-------- Provided material --------

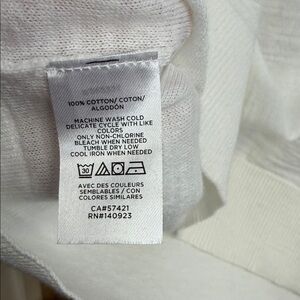 Loft Women’s White Lightweight V-Neck Knit Top - 100% Cotton. Size: Petite Large
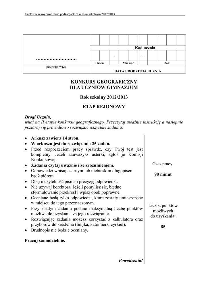 Konkursy w województwie podkarpackim w roku szkolnym 2012/2013 Kod ucznia - ……………………… Dzień Miesiąc Rok pieczątka WKK DATA URODZENIA UCZNIA KONKURS GEOGRAFICZNY DLA UCZNIÓW GIMNAZJUM Rok szkolny 2012/2013 ETAP REJONOWY Drogi Uczniu, witaj na II etapie konkursu geograficznego. Przeczytaj uważnie instrukcję a następnie postaraj się prawidłowo rozwiązać wszystkie zadania. Arkusz zawiera 14 stron. W arkuszu jest do rozwiązania 25 zadań. Przed rozpoczęciem pracy sprawdź, czy Twój test jest kompletny. Jeżeli zauważysz usterki, zgłoś je Komisji Konkursowej. Zadania czytaj uważnie i ze zrozumieniem. Odpowiedzi wpisuj czarnym lub niebieskim długopisem bądź piórem. Dbaj o czytelność pisma i precyzję odpowiedzi. Nie używaj korektora. Jeżeli pomylisz się, błędne sformułowanie przekreśl i wpisz obok poprawne. Oceniane będą tylko odpowiedzi, które zostały umieszczone w miejscu do tego przeznaczonym. Przy każdym zadaniu podano maksymalną liczbę punktów możliwą do uzyskania za jego rozwiązanie. Rozwiązując zadania możesz korzystać z kalkulatora oraz przyborów do kreślenia (linijka, kątomierz, cyrkiel). Brudnopis nie będzie oceniany. Pracuj samodzielnie. Powodzenia! Czas pracy: 90 minut Liczba punktów możliwych do uzyskania: 85 Konkursy w województwie podkarpackim w roku szkolnym 2012/2013 Zadanie 1. (0– 6 pkt) Na siatce kartograficznej zaznaczono punktami i oznaczono literami następujące miasta: Warszawa (52°N, 21°E), Rio de Janeiro (23°S, 43°W), Bangkok (14°N, 101°E), Kapsztad (34°S, 18°E ), Kolombo (06ºN, 79ºE), Nowy Jork (41ºN, 74ºW), Pekin (40ºN, 117ºE), Meksyk (20ºN, 99ºW) a) Podaj nazwy miast oznaczonych literami E i D miasto E ..................................., miasto D ....................................... b) Zaznacz na siatce kartograficznej punktem i literą H miasto Lizbona (39ºN, 9ºW). c) Wyznacz azymut 310º z punktu F. d) W Rio de Janeiro jest południe słoneczne. Zakreskuj obszar Ziemi, na którym Słońce jeszcze nie górowało. e) Spośród miast wymienionych w poleceniu wybierz to, w którym najwcześniej można oglądać wschód Słońca? Odp. ………………………… f) W której strefie oświetlenia Ziemi znajdują się punkty A i F? Odp. ………………………… Zadanie 2. (0–2 pkt) Jezioro Czad ma powierzchnię w porze wilgotnej 22 000 km ² i max. głębokość 12 m. Ile wynosi jego powierzchnia na mapie w skali 1:18 000 000 w porze suchej, kiedy jezioro jest o połowę mniejsze powierzchniowo i trzy razy płytsze. Obliczenia: Odpowiedź: ……………………… Strona 2 z 14 Konkursy w województwie podkarpackim w roku szkolnym 2012/2013 Zadanie 3. (0– 4 pkt) Statek płynął przez Pacyfik z Jokohamy (139°E) do San Francisco (38°N, 122°W). Wypłynął dnia 22 grudnia 2011 roku, kiedy słońce górowało po południowej stronie nieba na wysokości 31°06´. Podróż trwała 5 h i 14 min. a) Oblicz o której godzinie czasu słonecznego statek przypłynął do miasta amerykańskiego. Obliczenia: Odpowiedź: ……………………… b) uwzględniając przekroczenie południka 180°, podaj jaką datę powinien kapitan statku wpisać do dziennika pokładowego w momencie dopłynięcia do San Francisco Odpowiedź: ……………………… c) podaj drugą współrzędną geograficzną miasta japońskiego Odpowiedź: ……………………… Zadanie 4. (0–1 pkt) Zaznacz średnią gęstość zaludnienia Panamy, wiedząc, że na powierzchni 75 tys. km² mieszka 2 miliony 625 tysięcy osób. a) 43 os/km² b) 35 os/km² c) 53 os/km² d) 34 os/km² Odpowiedź: ……………………… Zadanie 5. (0–4 pkt) Uzupełnij rysunek przedstawiający zjawisko powstawania fenu (a-c) a) Wrysuj w odpowiednim miejscu chmury. b) Oblicz i wpisz w odpowiednie miejsca wartości temperatury powietrza uwzględniając sucho adiabatyczny (1°C) i wilgotno adiabatyczny (0,5°C) spadek temperatury wraz z wysokością. c) Podaj dwie cechy wiatru fenowego: 1.……………….………… 2…………………………… Strona 3 z 14 Konkursy w województwie podkarpackim w roku szkolnym 2012/2013 Zadanie 6. (0–3 pkt) Uzupełnij brakujące elementy tabeli ilustrującej współzależność elementów środowiska. Wykorzystaj poniżej zamieszczone nazwy stref klimatycznych, formacji roślinnych i roślin. Strefa klimatyczna subpolarna Roślinność Charakterystyczne 3 rośliny lasy dębowe i makia równikowa Strefy klimatyczne: podrównikowa, zwrotnikowa, podzwrotnikowa, umiarkowana ciepła, umiarkowana chłodna, polarna Formacje roślinne: las równikowy, sawanna, półpustynia, pustynia, dżungla, step, las liściasty, tajga, tundra, pustynia lodowa Rośliny: ostnica Jana, mirt, dębik ośmiopłatkowy, kauczukowiec, wanilia płaskolistna, chrobotek reniferowy, zawilec wielkokwiatowy, cynamonowiec cejloński, oleander, różanecznik, miłek wiosenny, płucnica islandzka, kozłek bulwiasty Zadanie 7. (0–2 pkt) Połącz strzałkami pojęcia z ich uproszczonymi definicjami: Zjawisko tworzenia się kwiatów i owoców wprost na konarach i pniach drzew. A) puna Las lub krzewiasta formacja rosnąca w pasie nadmorskich przypływów i odpływów w strefie gorącej. Rośliny słonolubne z licznymi korzeniami powietrznymi i oddechowymi. B) scrub Rzadki, świetlisty las o niskim drzewostanie, składający się z drzew i krzewów zrzucających liście na okres suszy. W języku portugalskim oznacza „biały las”. C) efemerydy Rośliny, których rozwój odbywa się w ciągu bardzo krótkiego czasu korzystnego dla wegetacji, gdy po deszczach gleba zawiera dostateczną ilość wody. D) katinga (caatinga) Lokalna nazwa wysokogórskiej formacji roślinnej w Andach, składającej się z kępkowatych i poduszkowych traw sucholubnych rosnących na wysokości od 3 do 5 tys. m n.p.m. E) mangrowia Gęste, suchoroślowe zarośla w centralnej Australii. Tworzy zwarty gąszcz krzewów o sinawym uli
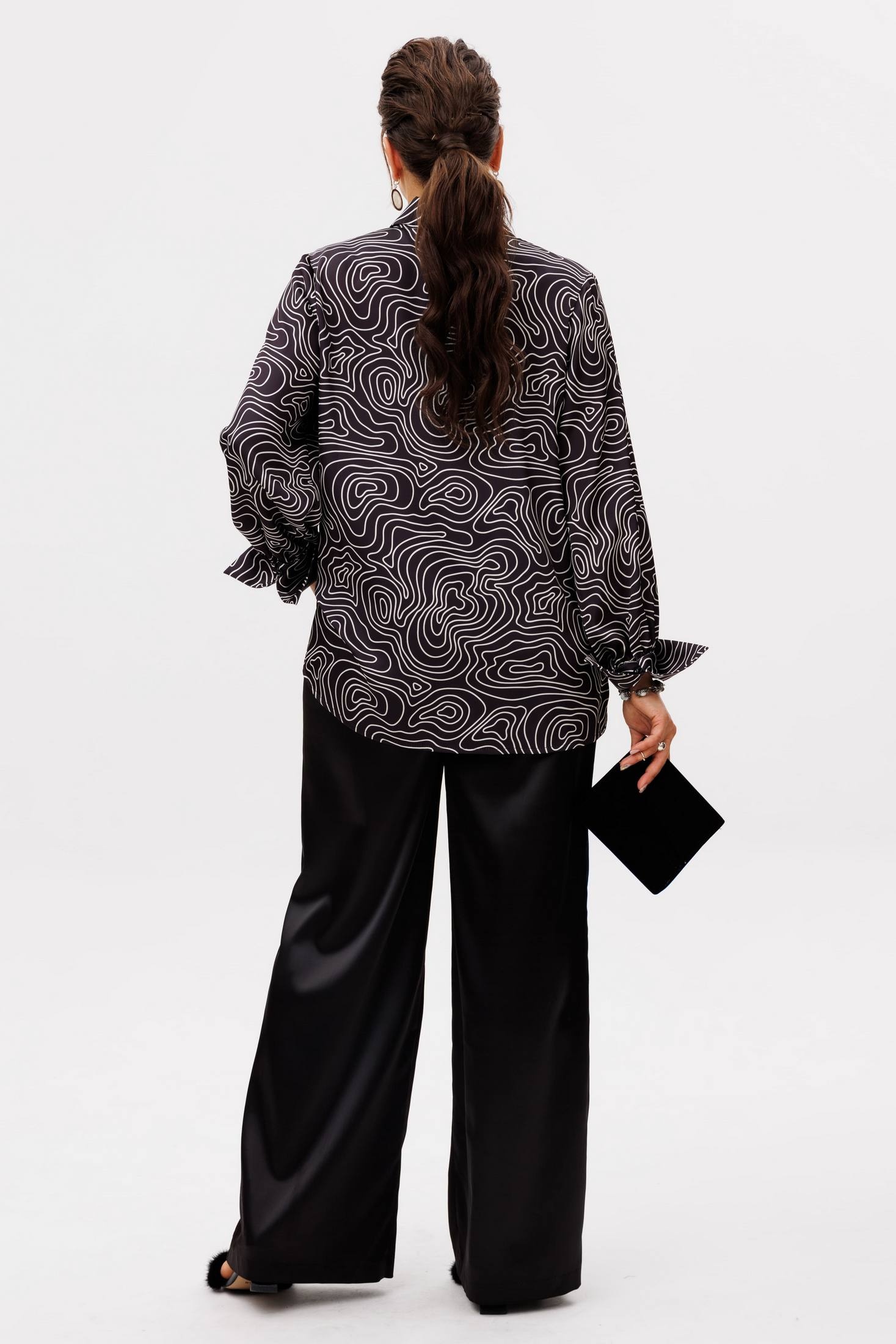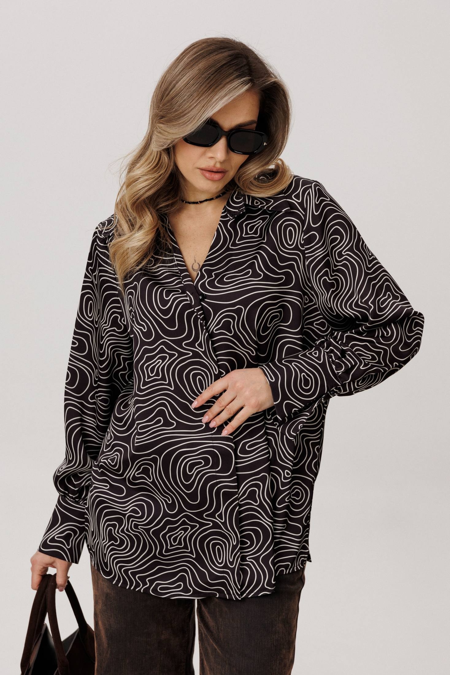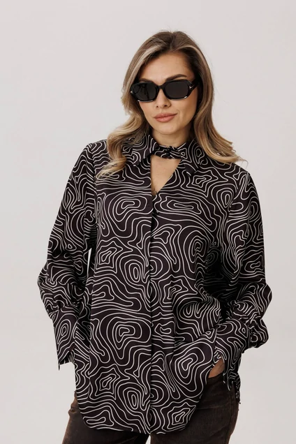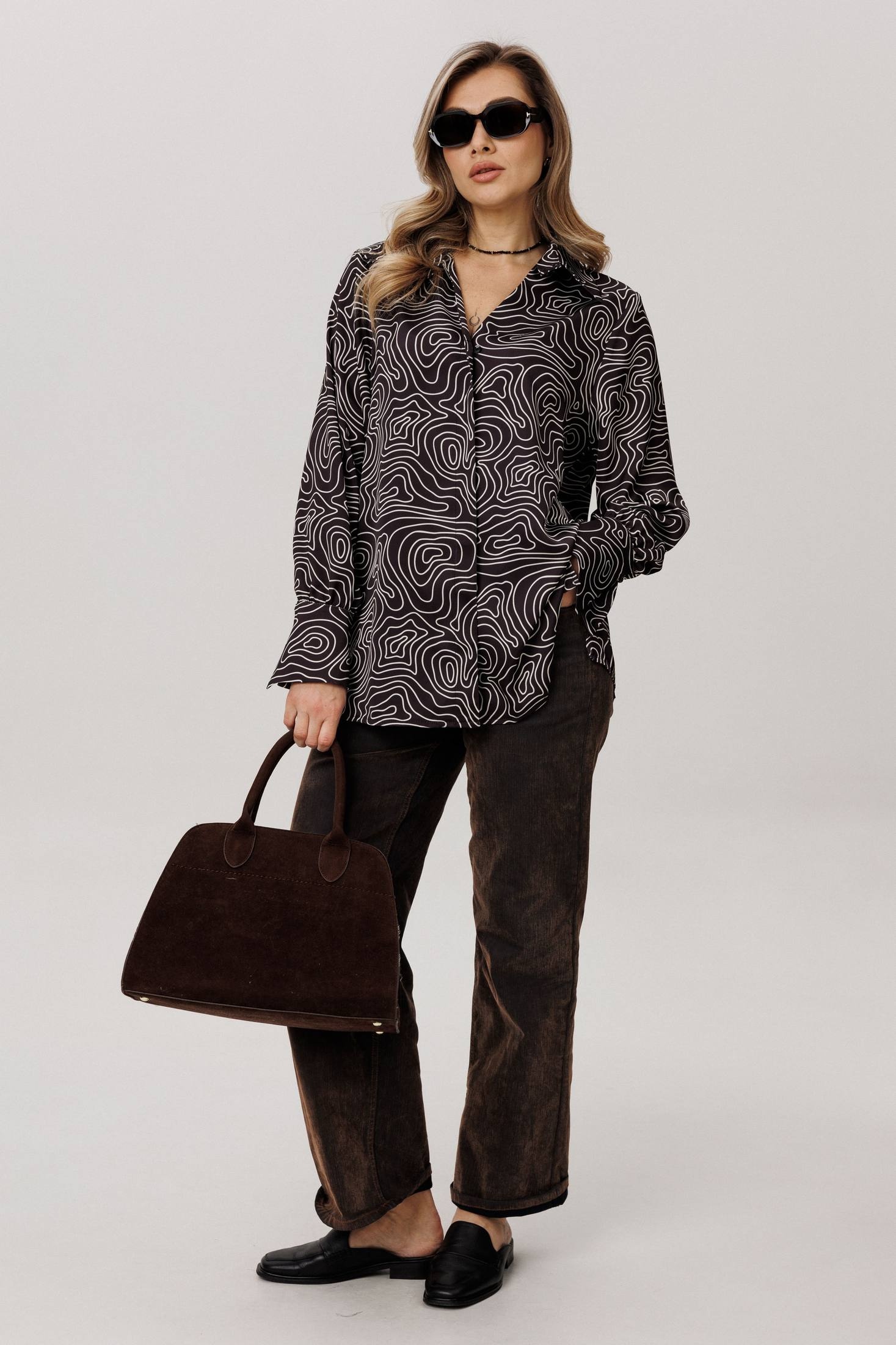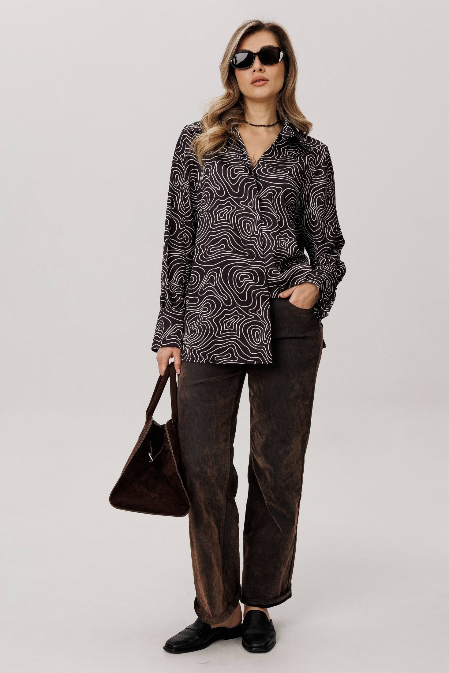 Мягкая, струящаяся вискоза с выразительным принтом обволакивает фигуру свободным, прямым силуэтом, даря невесомый комфорт и свободу движений. V-образный вырез, обрамленный элегантным воротником на стойке, становится главным аккордом всего образа - он подчеркивает линию шеи, придавая ей изысканную графичность и собранность. Этот элемент - та самая изюминка, что превращает повседневную вещь в предмет особого шика, говорящий о вашем внимании к деталям.

--------

= Instructions for the task =
Reproduce the whole listing above character for character; pictures do not belong in it.

= Answer for this exercise =
 Loft Women’s White Lightweight V-Neck Knit Top - 100% Cotton. Size: Petite Large
 Konkursy w województwie podkarpackim w roku szkolnym 2012/2013 Kod ucznia - ……………………… Dzień Miesiąc Rok pieczątka WKK DATA URODZENIA UCZNIA KONKURS GEOGRAFICZNY DLA UCZNIÓW GIMNAZJUM Rok szkolny 2012/2013 ETAP REJONOWY Drogi Uczniu, witaj na II etapie konkursu geograficznego. Przeczytaj uważnie instrukcję a następnie postaraj się prawidłowo rozwiązać wszystkie zadania. Arkusz zawiera 14 stron. W arkuszu jest do rozwiązania 25 zadań. Przed rozpoczęciem pracy sprawdź, czy Twój test jest kompletny. Jeżeli zauważysz usterki, zgłoś je Komisji Konkursowej. Zadania czytaj uważnie i ze zrozumieniem. Odpowiedzi wpisuj czarnym lub niebieskim długopisem bądź piórem. Dbaj o czytelność pisma i precyzję odpowiedzi. Nie używaj korektora. Jeżeli pomylisz się, błędne sformułowanie przekreśl i wpisz obok poprawne. Oceniane będą tylko odpowiedzi, które zostały umieszczone w miejscu do tego przeznaczonym. Przy każdym zadaniu podano maksymalną liczbę punktów możliwą do uzyskania za jego rozwiązanie. Rozwiązując zadania możesz korzystać z kalkulatora oraz przyborów do kreślenia (linijka, kątomierz, cyrkiel). Brudnopis nie będzie oceniany. Pracuj samodzielnie. Powodzenia! Czas pracy: 90 minut Liczba punktów możliwych do uzyskania: 85 Konkursy w województwie podkarpackim w roku szkolnym 2012/2013 Zadanie 1. (0– 6 pkt) Na siatce kartograficznej zaznaczono punktami i oznaczono literami następujące miasta: Warszawa (52°N, 21°E), Rio de Janeiro (23°S, 43°W), Bangkok (14°N, 101°E), Kapsztad (34°S, 18°E ), Kolombo (06ºN, 79ºE), Nowy Jork (41ºN, 74ºW), Pekin (40ºN, 117ºE), Meksyk (20ºN, 99ºW) a) Podaj nazwy miast oznaczonych literami E i D miasto E ..................................., miasto D ....................................... b) Zaznacz na siatce kartograficznej punktem i literą H miasto Lizbona (39ºN, 9ºW). c) Wyznacz azymut 310º z punktu F. d) W Rio de Janeiro jest południe słoneczne. Zakreskuj obszar Ziemi, na którym Słońce jeszcze nie górowało. e) Spośród miast wymienionych w poleceniu wybierz to, w którym najwcześniej można oglądać wschód Słońca? Odp. ………………………… f) W której strefie oświetlenia Ziemi znajdują się punkty A i F? Odp. ………………………… Zadanie 2. (0–2 pkt) Jezioro Czad ma powierzchnię w porze wilgotnej 22 000 km ² i max. głębokość 12 m. Ile wynosi jego powierzchnia na mapie w skali 1:18 000 000 w porze suchej, kiedy jezioro jest o połowę mniejsze powierzchniowo i trzy razy płytsze. Obliczenia: Odpowiedź: ……………………… Strona 2 z 14 Konkursy w województwie podkarpackim w roku szkolnym 2012/2013 Zadanie 3. (0– 4 pkt) Statek płynął przez Pacyfik z Jokohamy (139°E) do San Francisco (38°N, 122°W). Wypłynął dnia 22 grudnia 2011 roku, kiedy słońce górowało po południowej stronie nieba na wysokości 31°06´. Podróż trwała 5 h i 14 min. a) Oblicz o której godzinie czasu słonecznego statek przypłynął do miasta amerykańskiego. Obliczenia: Odpowiedź: ……………………… b) uwzględniając przekroczenie południka 180°, podaj jaką datę powinien kapitan statku wpisać do dziennika pokładowego w momencie dopłynięcia do San Francisco Odpowiedź: ……………………… c) podaj drugą współrzędną geograficzną miasta japońskiego Odpowiedź: ……………………… Zadanie 4. (0–1 pkt) Zaznacz średnią gęstość zaludnienia Panamy, wiedząc, że na powierzchni 75 tys. km² mieszka 2 miliony 625 tysięcy osób. a) 43 os/km² b) 35 os/km² c) 53 os/km² d) 34 os/km² Odpowiedź: ……………………… Zadanie 5. (0–4 pkt) Uzupełnij rysunek przedstawiający zjawisko powstawania fenu (a-c) a) Wrysuj w odpowiednim miejscu chmury. b) Oblicz i wpisz w odpowiednie miejsca wartości temperatury powietrza uwzględniając sucho adiabatyczny (1°C) i wilgotno adiabatyczny (0,5°C) spadek temperatury wraz z wysokością. c) Podaj dwie cechy wiatru fenowego: 1.……………….………… 2…………………………… Strona 3 z 14 Konkursy w województwie podkarpackim w roku szkolnym 2012/2013 Zadanie 6. (0–3 pkt) Uzupełnij brakujące elementy tabeli ilustrującej współzależność elementów środowiska. Wykorzystaj poniżej zamieszczone nazwy stref klimatycznych, formacji roślinnych i roślin. Strefa klimatyczna subpolarna Roślinność Charakterystyczne 3 rośliny lasy dębowe i makia równikowa Strefy klimatyczne: podrównikowa, zwrotnikowa, podzwrotnikowa, umiarkowana ciepła, umiarkowana chłodna, polarna Formacje roślinne: las równikowy, sawanna, półpustynia, pustynia, dżungla, step, las liściasty, tajga, tundra, pustynia lodowa Rośliny: ostnica Jana, mirt, dębik ośmiopłatkowy, kauczukowiec, wanilia płaskolistna, chrobotek reniferowy, zawilec wielkokwiatowy, cynamonowiec cejloński, oleander, różanecznik, miłek wiosenny, płucnica islandzka, kozłek bulwiasty Zadanie 7. (0–2 pkt) Połącz strzałkami pojęcia z ich uproszczonymi definicjami: Zjawisko tworzenia się kwiatów i owoców wprost na konarach i pniach drzew. A) puna Las lub krzewiasta formacja rosnąca w pasie nadmorskich przypływów i odpływów w strefie gorącej. Rośliny słonolubne z licznymi korzeniami powietrznymi i oddechowymi. B) scrub Rzadki, świetlisty las o niskim drzewostanie, składający się z drzew i krzewów zrzucających liście na okres suszy. W języku portugalskim oznacza „biały las”. C) efemerydy Rośliny, których rozwój odbywa się w ciągu bardzo krótkiego czasu korzystnego dla wegetacji, gdy po deszczach gleba zawiera dostateczną ilość wody. D) katinga (caatinga) Lokalna nazwa wysokogórskiej formacji roślinnej w Andach, składającej się z kępkowatych i poduszkowych traw sucholubnych rosnących na wysokości od 3 do 5 tys. m n.p.m. E) mangrowia Gęste, suchoroślowe zarośla w centralnej Australii. Tworzy zwarty gąszcz krzewów o sinawym uli
 Мягкая, струящаяся вискоза с выразительным принтом обволакивает фигуру свободным, прямым силуэтом, даря невесомый комфорт и свободу движений. V-образный вырез, обрамленный элегантным воротником на стойке, становится главным аккордом всего образа - он подчеркивает линию шеи, придавая ей изысканную графичность и собранность. Этот элемент - та самая изюминка, что превращает повседневную вещь в предмет особого шика, говорящий о вашем внимании к деталям.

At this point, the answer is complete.